### Exercise data ###

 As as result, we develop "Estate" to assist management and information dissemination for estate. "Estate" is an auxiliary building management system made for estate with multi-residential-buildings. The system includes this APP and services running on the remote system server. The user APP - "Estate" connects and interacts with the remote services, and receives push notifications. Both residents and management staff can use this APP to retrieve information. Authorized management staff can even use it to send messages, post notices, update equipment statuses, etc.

###
### Exercise data ###

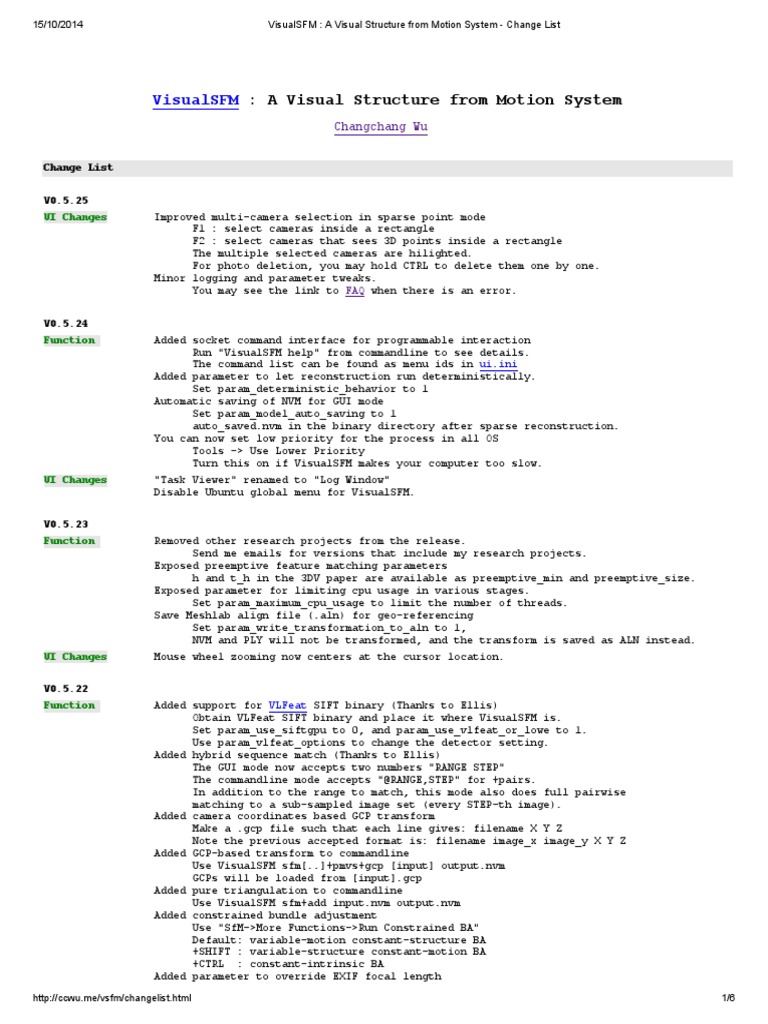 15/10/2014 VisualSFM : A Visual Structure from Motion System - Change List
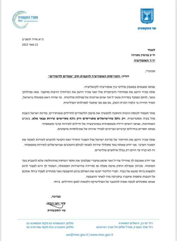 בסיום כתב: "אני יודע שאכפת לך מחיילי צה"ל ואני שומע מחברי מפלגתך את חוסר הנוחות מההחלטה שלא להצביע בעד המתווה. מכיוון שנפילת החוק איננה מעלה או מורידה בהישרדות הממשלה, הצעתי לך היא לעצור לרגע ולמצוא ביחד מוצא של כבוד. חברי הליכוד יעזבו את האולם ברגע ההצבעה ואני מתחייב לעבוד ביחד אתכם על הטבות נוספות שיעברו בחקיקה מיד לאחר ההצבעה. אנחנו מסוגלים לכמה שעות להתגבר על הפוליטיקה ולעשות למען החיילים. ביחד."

###

▶ _Task brief_
Return the lines above from the one with "15/10/2014 VisualSFM : A" through the one with "יודע שאכפת לך", verbatim and nothing else. Omit every picture.

▶ _Solution_
 15/10/2014 VisualSFM : A Visual Structure from Motion System - Change List
 בסיום כתב: "אני יודע שאכפת לך מחיילי צה"ל ואני שומע מחברי מפלגתך את חוסר הנוחות מההחלטה שלא להצביע בעד המתווה. מכיוון שנפילת החוק איננה מעלה או מורידה בהישרדות הממשלה, הצעתי לך היא לעצור לרגע ולמצוא ביחד מוצא של כבוד. חברי הליכוד יעזבו את האולם ברגע ההצבעה ואני מתחייב לעבוד ביחד אתכם על הטבות נוספות שיעברו בחקיקה מיד לאחר ההצבעה. אנחנו מסוגלים לכמה שעות להתגבר על הפוליטיקה ולעשות למען החיילים. ביחד."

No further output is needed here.